_TASK INPUT_.
....

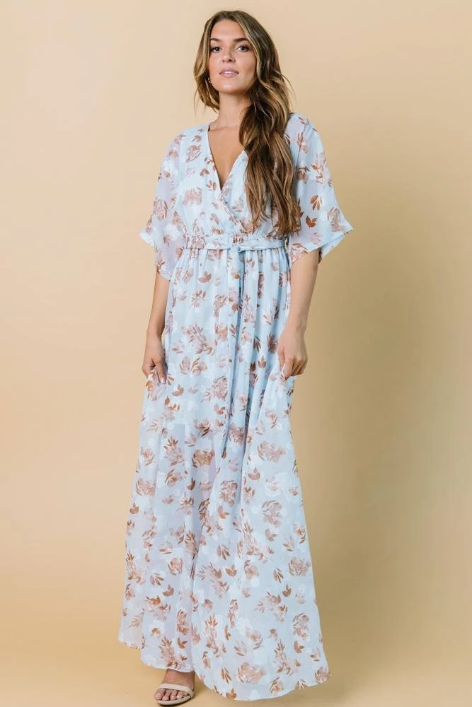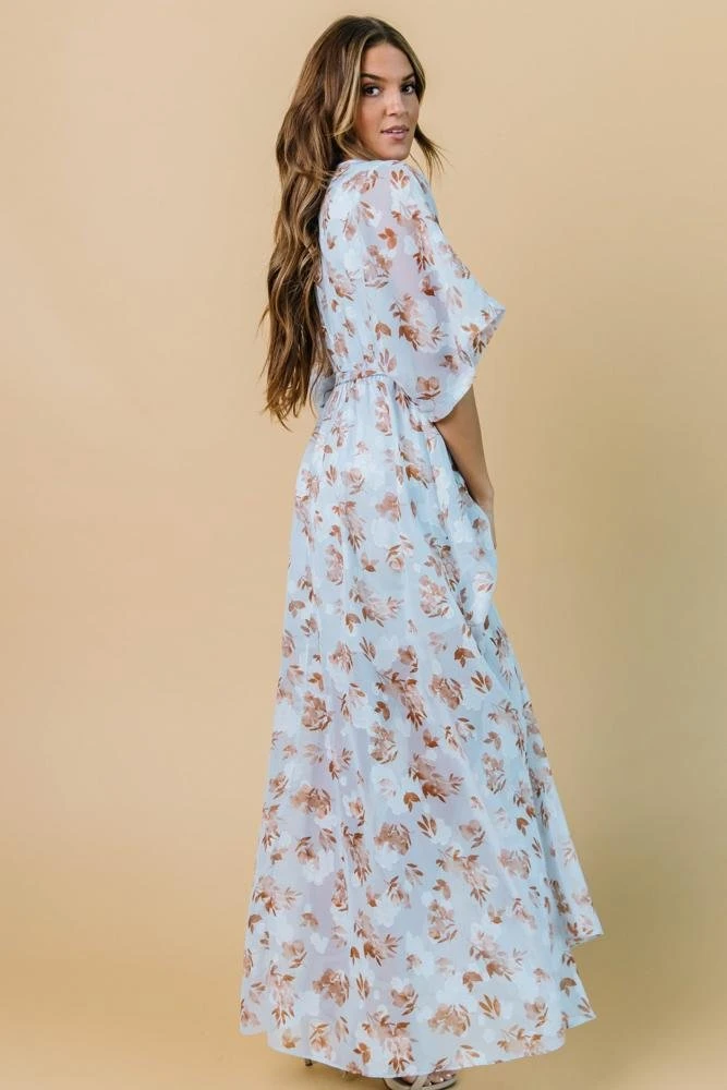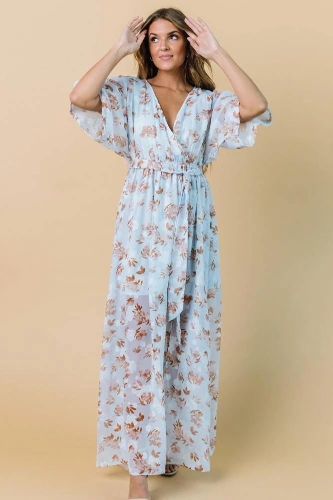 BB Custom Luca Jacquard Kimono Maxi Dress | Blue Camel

....

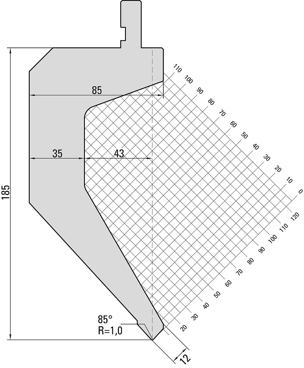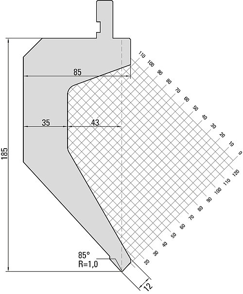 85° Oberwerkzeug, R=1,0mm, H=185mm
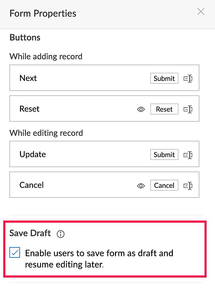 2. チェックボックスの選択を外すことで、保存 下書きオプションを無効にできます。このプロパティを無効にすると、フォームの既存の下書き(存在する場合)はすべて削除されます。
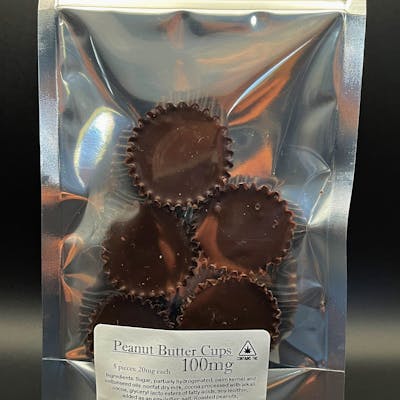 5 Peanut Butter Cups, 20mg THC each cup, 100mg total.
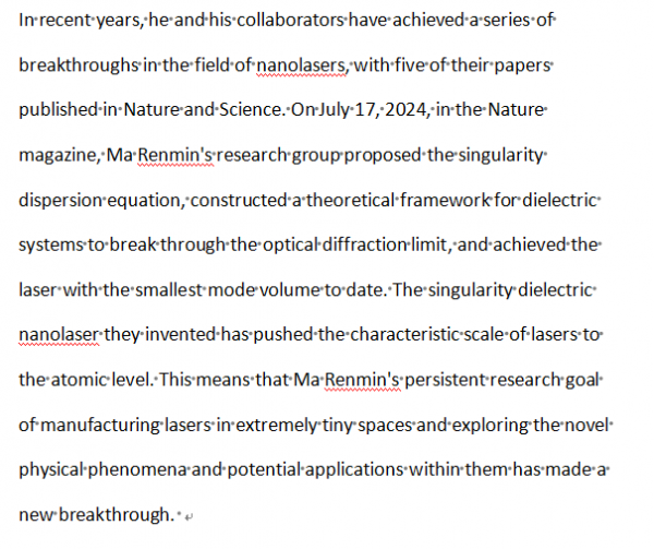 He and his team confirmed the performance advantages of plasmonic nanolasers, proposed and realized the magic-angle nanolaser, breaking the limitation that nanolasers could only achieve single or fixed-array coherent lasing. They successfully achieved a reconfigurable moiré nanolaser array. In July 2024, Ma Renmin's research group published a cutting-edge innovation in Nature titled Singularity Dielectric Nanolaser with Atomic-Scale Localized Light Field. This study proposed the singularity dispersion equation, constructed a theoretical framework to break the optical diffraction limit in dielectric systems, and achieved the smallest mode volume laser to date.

....

_WHAT IS NEEDED_.
The output is the stretch above from the line with "85° Oberwerkzeug, R=1,0mm, H=185mm" through the line with "5 Peanut Butter", copied word for word with both ends kept and every picture dropped.

_PROBLEM SOLUTION_.
 85° Oberwerkzeug, R=1,0mm, H=185mm
 2. チェックボックスの選択を外すことで、保存 下書きオプションを無効にできます。このプロパティを無効にすると、フォームの既存の下書き(存在する場合)はすべて削除されます。
 5 Peanut Butter Cups, 20mg THC each cup, 100mg total.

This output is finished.